1.Is it advisable to use IDENTITY [(seed, increment)] to generate the sequence number in a table for concurrent user in Microsoft SQL Server 2012?
2.Is it advisable to use SCOPE_IDENTITY () to get the latest identity number during concurrent user in Microsoft SQL Server 2012?
3.Kindly help us select the best solution from the following for creating reference in Microsoft SQL Server 2012
Primary key column with integer data type with IDENTITY [ (seed , increment) ] to generate a sequence of number or
Code Column / Composite primary key column with varchar data type
4.Kindly help us to select best solution from the following to store hierarchy data
Single table with ID and parent ID as a column or
Multiple table for each entity and a mapping table
5.Until which Normal Form it is advisable? can we go until 2nd Normal form?

Viewing 6 posts - 1 through 6 (of 6 total)

You must be logged in to reply to this topic. Login to reply

Jeff Moden SSC Guru Points: 1004669 More actions · Answer 1

IDENTITY is a good choice but does have some caveats when it come to "replication". If you intend to use replication, you'll need to study that a bit.

Yes, both IDENTITY and SCOPE_IDENTITY() are nasty fast and are easy methods to produce such sequences without fear of duplication. Of course, the new SEQUENCE methodology will also work just fine but does require a little more coding. The SEQUENCE thing will also solve some of the problems you may have with replication but it's not a panacea. You still have to pay attention. 😉

On the hierarchy thing, I say enjoy the best of all worlds...

The parent/child table (known as an "Adjacency List") is comparatively super easy to maintain and, if something goes haywire with it, it's a lot easier to troubleshoot than all the other methods (including the HierarchyID datatype, which I won't use). You do have to do a little planning to avoid "cycles". I recommend using unique "positions" rather than something like (for example) an EmployeeID if an Employee can have more than one position in the hierarchy.
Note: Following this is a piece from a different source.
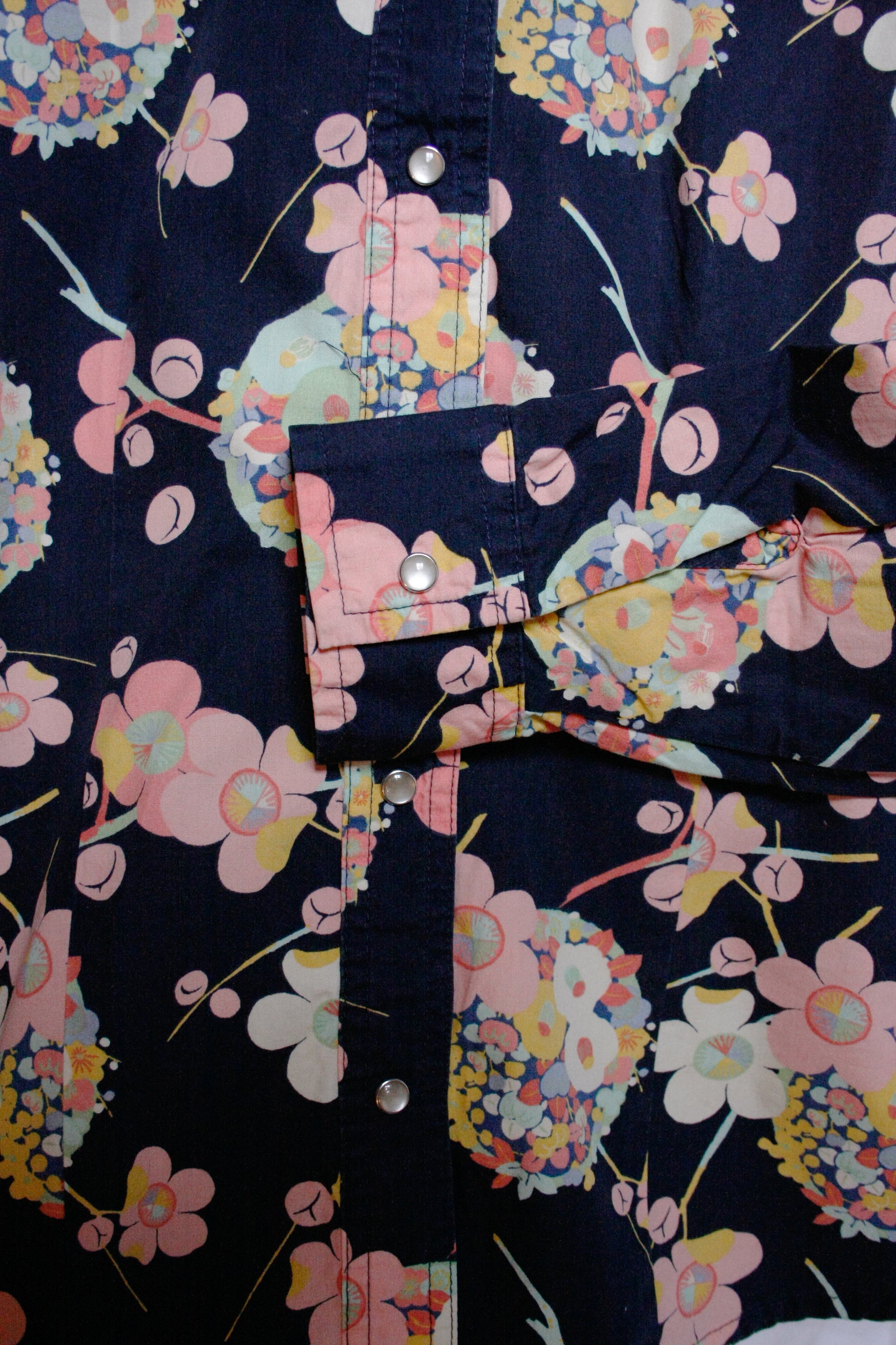 Vintage Showshirt für Ranchriding in floralem Muster, Pearl Snaps und tollen Details und Nähten.

For performance of searches for hierarchies, I've found that "Nested Sets" are usually the berries but it's a real PITA to maintain. If something goes haywire with that, it's extraordinarily difficult for a human to fix (and it will require a human). It would be better to enjoy the ease of maintenance of an "Adjacency List" and re-generate the "Nested Sets" after each modification to the "Adjacency List". Of course, most people use a RBAR on steroids method for doing that known as the "push stack method" and that method is absolutely impractical (can take a couple of days for a million node hierarchy even on fast machines). There is a much better way to rebuild "Nested Sets" from an "Adjaceny List" that takes about 52 seconds to rebuild a million node hierarchy. We'll get to that in a minute.
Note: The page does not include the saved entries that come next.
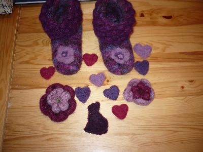 Wunderschöne Filzpantöffelchen, beerenfarbig.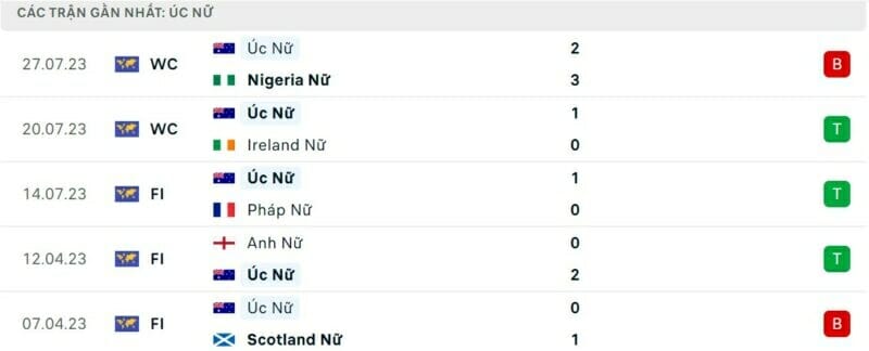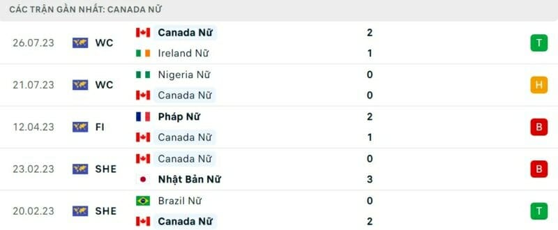 Phong độ gần đây nữ Canada vs nữ Australia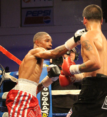 With a rowdy North Philly crowd and a wide audience watching at home, Hunter took Belmontes to school in the ring. Despite a deep amateur resume of his own, the "Corpus Christi Kid" could not match skills with the West Philadelphian. Hunter sent his message early on, landing a few good hard shots to his opponent's head and working the body well. Belmontes jabbed, but failed to land with significance, while Hunter attacked with his foot on the gas. More effective body work and a hard right hand found the mark as the first round ended.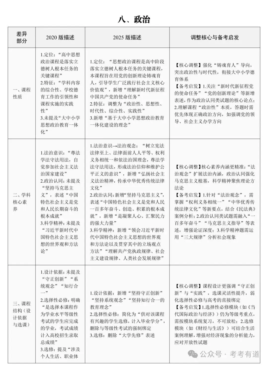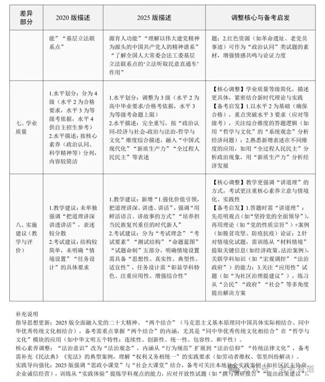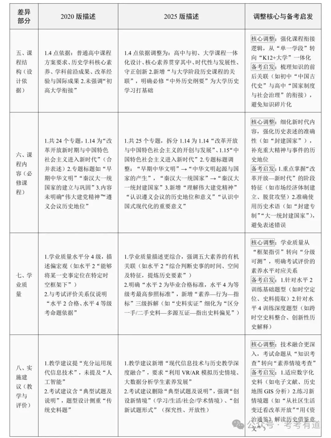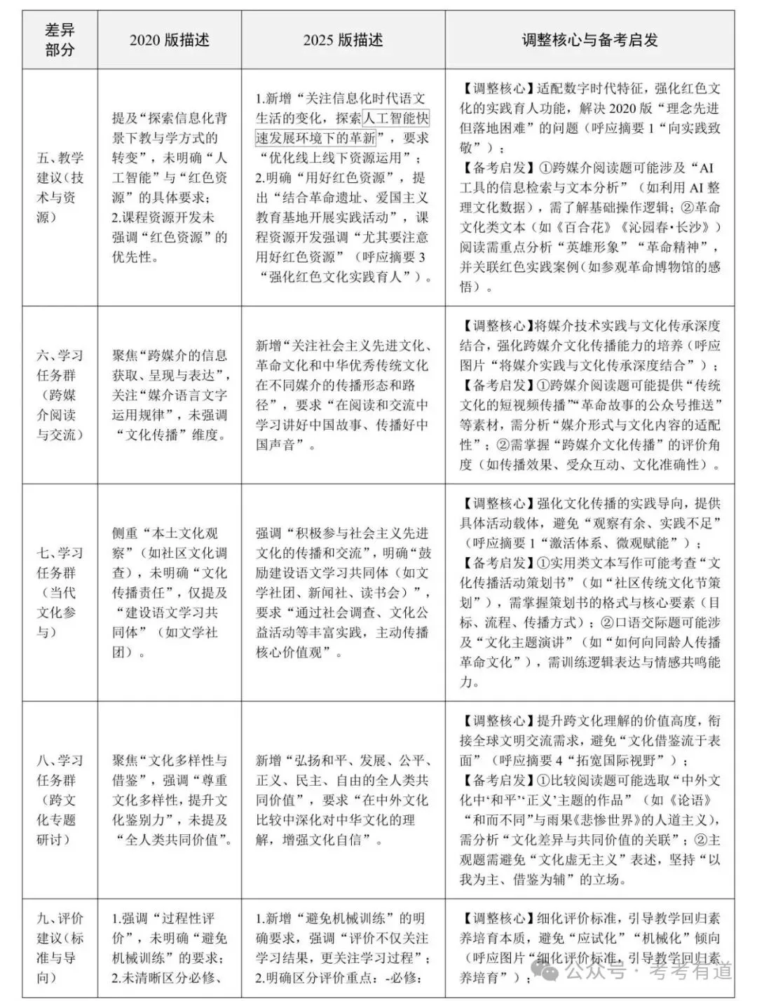 现将《普通高中课程标准(2025年修订版)》与《普通高中课程标准(2020年修订版)》核心变化对比表分享给我省师生,大家可结合《普通高中课程标准(2025年修订版)》原文一同研习。

I've also found that the purpose of hierarchies is usually to do things like costing or calculating sales of a "downline" group or level and that's a bit of a pain no matter what type of hierarchical structure. The "Hierarchical Path" method (that's what HierarchyID is based on) can really be a performance benefit forr doing such things but, it too, can be impossible for a human to troubleshoot if something goes wrong.

So, here's my recommendation...

1. Base the hierarchy on an "Adjacency List" to make life easy for maintenance and for finding "uplines".

2. Rebuild "Nested Sets" fron the "Adjacency List" for wicked performance in finding "downlines" with "level controls" and to do certain calculations.

3. Rebuild a "Hierarchical Path" to make certain level-sensitive aggregations easy. In fact, precalculate all such aggregates and store them in a different table.

Heh... I know what you're thinking. Sounds daunting and slow. Not to worry. It's neither daunting or slow if you know how. You just need to know "how". With all of that in mind, please see the following two articles.

This article teaches you how to quickly convert an "Adjacency List" to both a "Hierarchical Path" and "Nested Sets" and storing both of those structures in the same table as the "Adjacency List" so that you can easily enjoy the benefits that each hierarchical structure provides. It does it all on a million node "Adjacency List" in about 52 seconds on any decent box.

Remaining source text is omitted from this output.